Records from a collection

====================

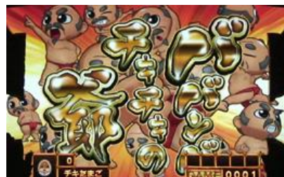
敲下起動桿時角色切入的話為好機，角色一共有四人，爺切入時為激熱演出
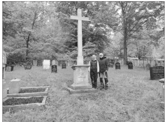
Geschafft: Denise Ullrich und Thomas Helfrich vor dem fertig aufgestellten Hochkreuz auf dem Friedhof Altglashütten.
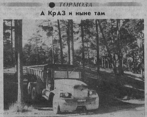
А КраЗ и ныне там
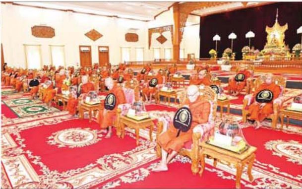
နိုင်ငံတော်စီမံအုပ်ချုပ်ရေးကောင်စီဥက္ကဋ္ဌ နိုင်ငံတော်ဝန်ကြီးချုပ် ဗိုလ်ချုပ်မှူးကြီး မင်းအောင်လှိုင်နှင့် ဇနီး ဒေါ်ကြူကြူလှ၊ အခမ်းအနားတက်ရောက်လာသည့် ဧည့်သည်များက သန့်လျှင်မင်းကျောင်းဆရာတော်ကြီး ဒေါက်တာဘဒ္ဒန္တဓနိမာ တီဝံသထံမှ ငါးပါးသီလခံလှူဆောင်တည်ကြစဉ်။
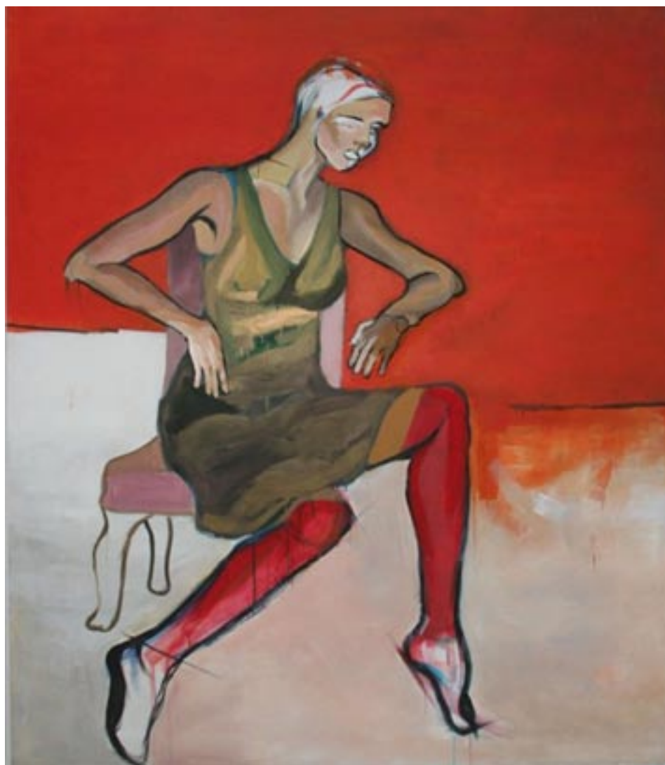
JUSTYNA KACZOR MALARSTWO

====================

> _What you are asked to do_:
Print out every entry above without changing a word, and leave out the pictures.

> _Reply_:
敲下起動桿時角色切入的話為好機，角色一共有四人，爺切入時為激熱演出
Geschafft: Denise Ullrich und Thomas Helfrich vor dem fertig aufgestellten Hochkreuz auf dem Friedhof Altglashütten.
А КраЗ и ныне там
နိုင်ငံတော်စီမံအုပ်ချုပ်ရေးကောင်စီဥက္ကဋ္ဌ နိုင်ငံတော်ဝန်ကြီးချုပ် ဗိုလ်ချုပ်မှူးကြီး မင်းအောင်လှိုင်နှင့် ဇနီး ဒေါ်ကြူကြူလှ၊ အခမ်းအနားတက်ရောက်လာသည့် ဧည့်သည်များက သန့်လျှင်မင်းကျောင်းဆရာတော်ကြီး ဒေါက်တာဘဒ္ဒန္တဓနိမာ တီဝံသထံမှ ငါးပါးသီလခံလှူဆောင်တည်ကြစဉ်။
JUSTYNA KACZOR MALARSTWO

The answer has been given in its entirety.